Mieszkaniec warszawskiej Woli kilka dni temu wezwał policję do awanturujących się sąsiadów. Patrol przyjechał dość szybko. Wzywający widział, jak policjanci zapukali do mieszkania sąsiadów, słyszał też ich rozmowę, gdy poinformowali lokatorów, że to on wezwał policję. Teraz obawia się nieprzyjemności ze strony głośnych sąsiadów.
Oficer wolskiej policji przyznaje mu rację. Natomiast Maciej Karczyński, rzecznik Komendy Stołecznej Policji, uważa, że funkcjonariusze mieli prawo podać nazwisko osoby, która dzwoniła na komendę, gdyż sąsiedzi i tak by je poznali w momencie skierowania przez do sądu wniosku o ukaranie za zakłócanie ciszy nocnej.
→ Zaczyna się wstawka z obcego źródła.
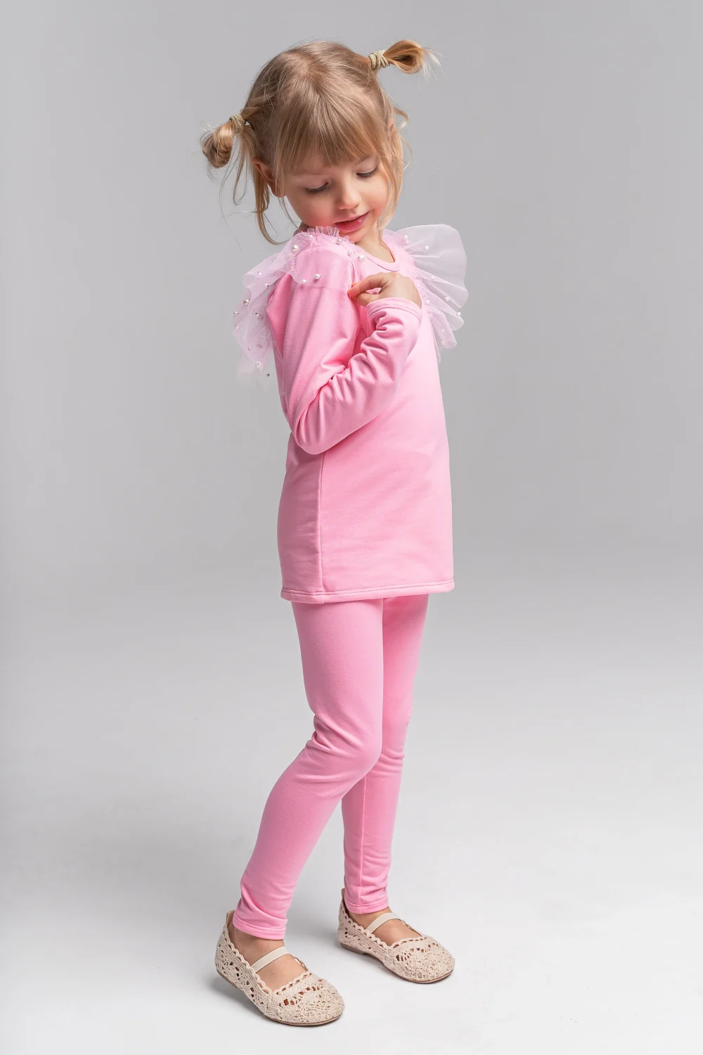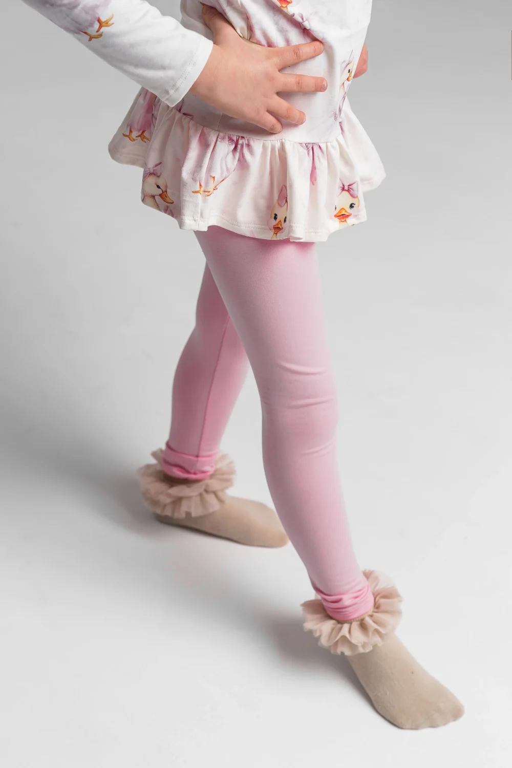 Wykonane z wysokiej jakości dzianiny o składzie 95% bawełna, 5% elastan, są miękkie, przyjazne dla delikatnej skóry dziecka i oddychające. Prążkowana struktura materiału nadaje im modny wygląd i sprawia, że świetnie komponują się zarówno z bluzami, jak i tunikami czy sukienkami.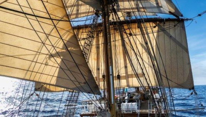 The light variable winds made for a bit of sailhandling during the start of the new day and following hours. Just by midnight the braces are pulled to Starboard tack, still under 12kn of NW-ly winds. But about four hours later the conditions turned to be good enough to set the courses that had been hanging in their gear, brace slightly to starboard tack, pass the staysails to the other side of the stays, and set again the lower ones. Like this we were able to turn the engines off and take advantage of the nice smooth sailing for a few hours. Keeping a 155º course Europa was able to maintain an average speed over 5kn, as a fair breeze blows from the WNW. As we sail south, we left behind the foggy area that seemed to cover the Antarctic Convergence with its steep changes in water temperatures. Now the skies clear up and the sun appears amongst the high clouds, leaving behind a sunny afternoon. The sea remains calm just affected by the low long swell and its surface water stabilizes its temperature just below 2ºC. The nice and fine sailing lasted until the end of breakfast, when we found ourselves once more in easing winds. The engines had to be switched on again to keep the average speed needed to reach the northern coasts of the South Shetlands Islands by tomorrow morning. Good and warm weather during the afternoon allowed the crew to continuewith several of their maintenance projects up the rig, while for the rest, we had a pleasant time hanging out on deck or joining the watches for lookout and steering under the blue skies. The calm seas also made for all to get over the last hints of seasickness and finally be around for the sail training and lectures offered. Our doctor repeated her talk about hypothermia and how to prevent it, relevant for the cold temperatures we are about to face during the next couple of weeks visiting Antarctica. Besides this more practical information to keep ourselves warm and hydrated to better enjoy what is happening as we sail the Drake and what is about to come visiting spots ashore, Nilla also repeated her lecture on the general world oceanic circulation, with special emphasis on the currents and water masses of the Southern Ocean and waters around Antarctica, and how they affect the global climate of the planet. Today, being the last day at sea on the Drake Passage before reachingAntarctica, it was the time for the last preparations, including finishing the Biosecurity Procedures and attending the mandatory “International Association of Antarctic Tour Operators (IAATO)Briefing”. Bark Europa, like all other tour operator companies working in Antarctica, belongs to that membership organization that advocates for environmentally friendly and safe touristic operations inAntarctica. It sets the rules and a code of conduct for touristic activities, in the frame of the Antarctic Treaty agreements. The day ended by clewing up all the square sails, striking the staysailsand furling all the rig, under very calm wind conditions and surprisingly calm seas. We continue for part of the night motoring our way south towards Desolation Island, the site we plan to explore in themorning. Located in the South Shetland Islands, north of the large and glaciated Livingston Island, it is in the area we plan to visit tomorrow and during the next couple of days and of great historical relevance to the early Antarctic era of exploration and discoveries, actually being the first land of the unknown “Terra Incognita Australis” that was ever sighted. In 1811, forty years after Captain James Cook circumnavigated Antarctica unfortunately without even catching a glimpse of land, but nevertheless concluding that there had to be a frozen Southern Continent, a group of 5 English businessman gathered funds to build a trading ship. One of them was William Smith, born 1790 in the coastal village of Seaton Sluice, and raised three miles further north in the port of Blythe (a toponym that give us a hint of the place name for tomorrow’s plans at Desolation Island, in Blythe Bay). The new ship launched in 1812 was named “Williams” and started trading with South America, with William Smith as Captain. During one of her trips in 1819, she was blown south off Cape Horn, ending up at about 62ºS where William sighted land, where it was supposed to be just water. After the controversial discovery, a year later a British Navy Expedition was put together to investigate these new lands, that have been baptized as “South Shetland”, since the Scottish Shetland Islands occupied an equivalent latitude in the north. Captain Edward Bransfield with William Smith and 43 crew sailed south from the Chilean city of Valparaiso, sighting Livingston Island on the 16th Jan 1820. They followed the northern coasts of the islands and landed south of King George Island, naming it after George III of England. Their discoveries led to a large-scale commercial sealing and whaling in Antarctic waters, which greatly affected the populations of those marine mammals. After years of indiscriminate hunting in South Shetland and Antarctic waters, we can consider ourselves pretty lucky thinking that nowadays their populations are recovering. And today we were witness of this process when along the journey several Humpback whales were spotted, distributed around a big area north of the South Shetland Islands, part of their traditional feeding grounds here in the high southern latitudes.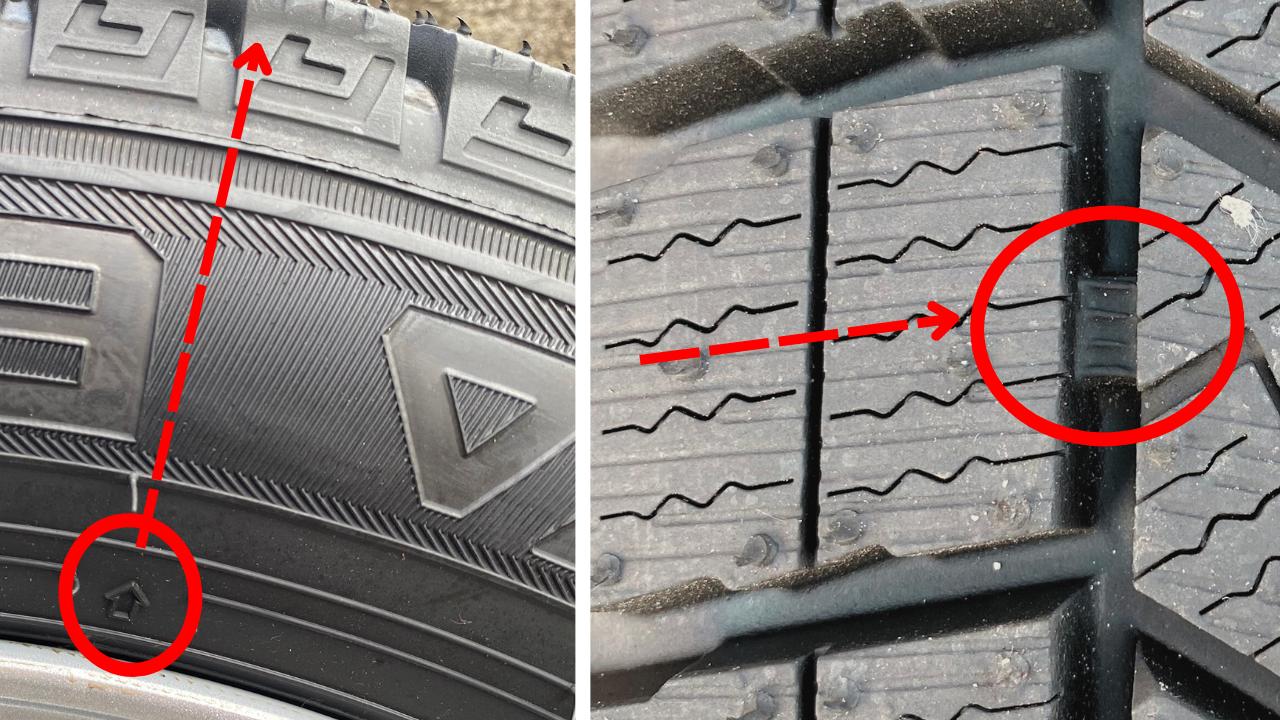 交換時期の目安としては、タイヤ側面の製造年表示や、溝の深さを示す「プラットホーム」の位置を確認します。
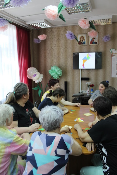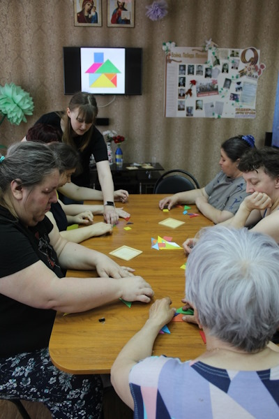 Для отдыхающих отделения дневного пребывания инструктором по трудовой терапии Кузнецовой М.С. было проведено интеллектуальное занятие танграм. Головоломки танграм развивают логическое, пространственное и образное мышление, внимание и воображение.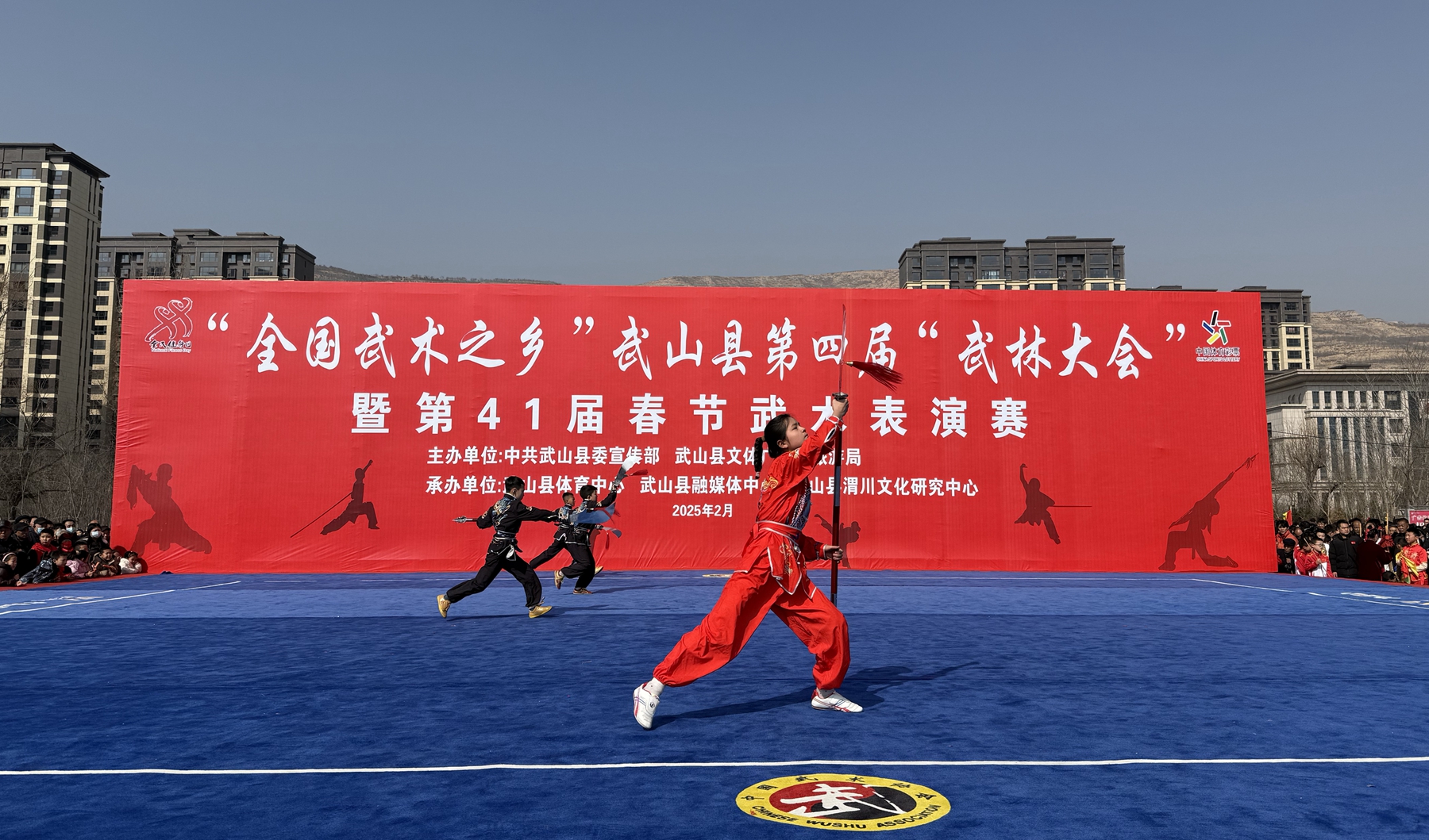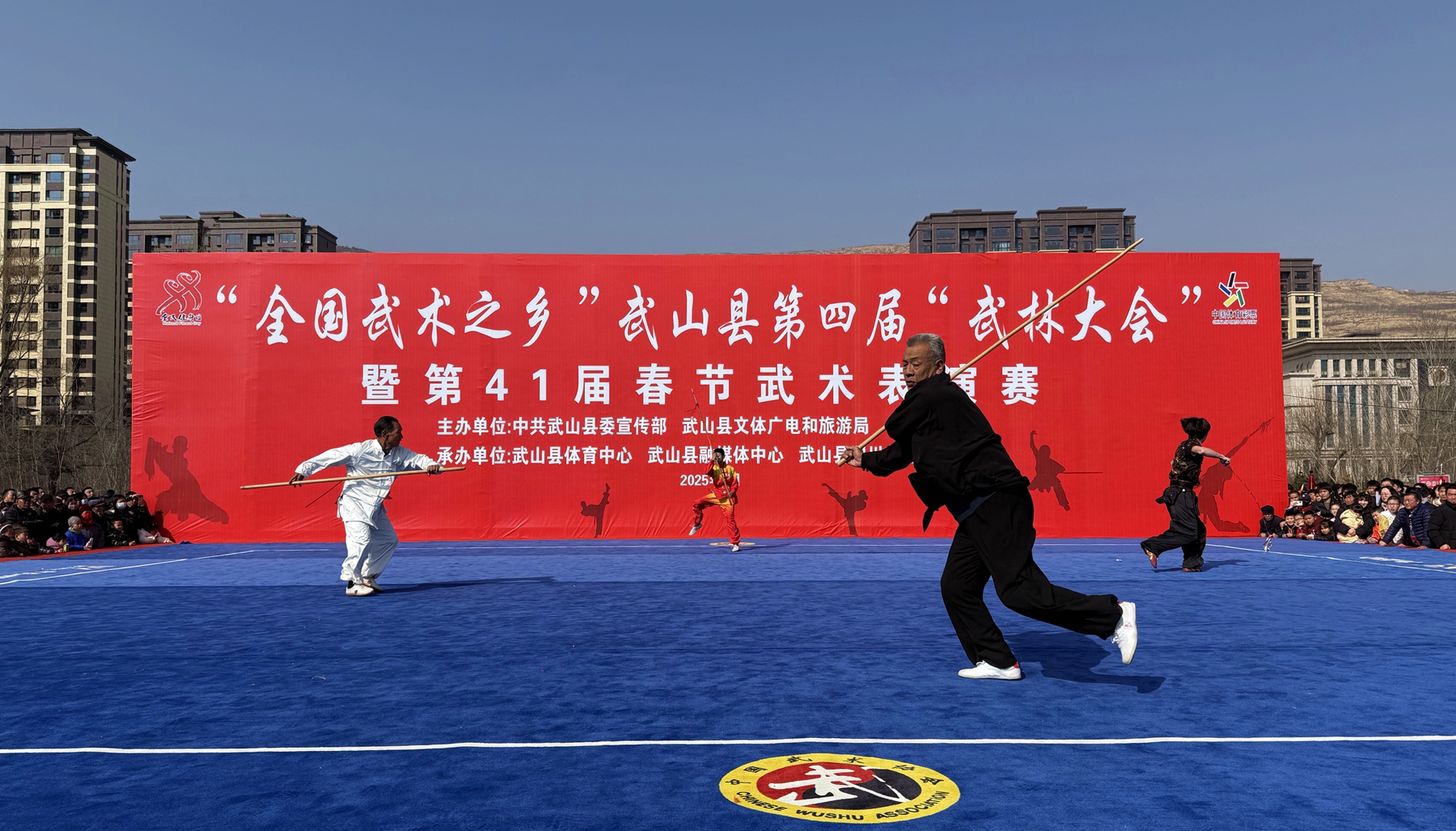 新武山讯(记者 杨耀斌 刘慧茹)2月10日,“全国武术之乡”武山县第四届武林大会暨第41届春节武术表演赛在县人民广场精彩上演,来自全县的武术爱好者齐聚一堂,以武会友,共襄盛举。

Jednak w tym konkretnym przypadku policjanci nie skierowali do sądu żadnego wniosku o ukaranie za zakłócania ciszy nocnej.
Adam Bodnar prawnik, sekretarz zarządu Helsińskiej Fundacji Praw Człowieka powiedział gazecie, że policja nie powinna ujawniać, kto do niej dzwonił. "Jeśli funkcjonariusze będą ujawniać zakłócającym spokój, kto prosił ich o interwencję i te osoby będą o tym wiedziały, to na drugi raz - zanim zadzwonią na komendę - długo się zastanowią, czy warto" - dodał.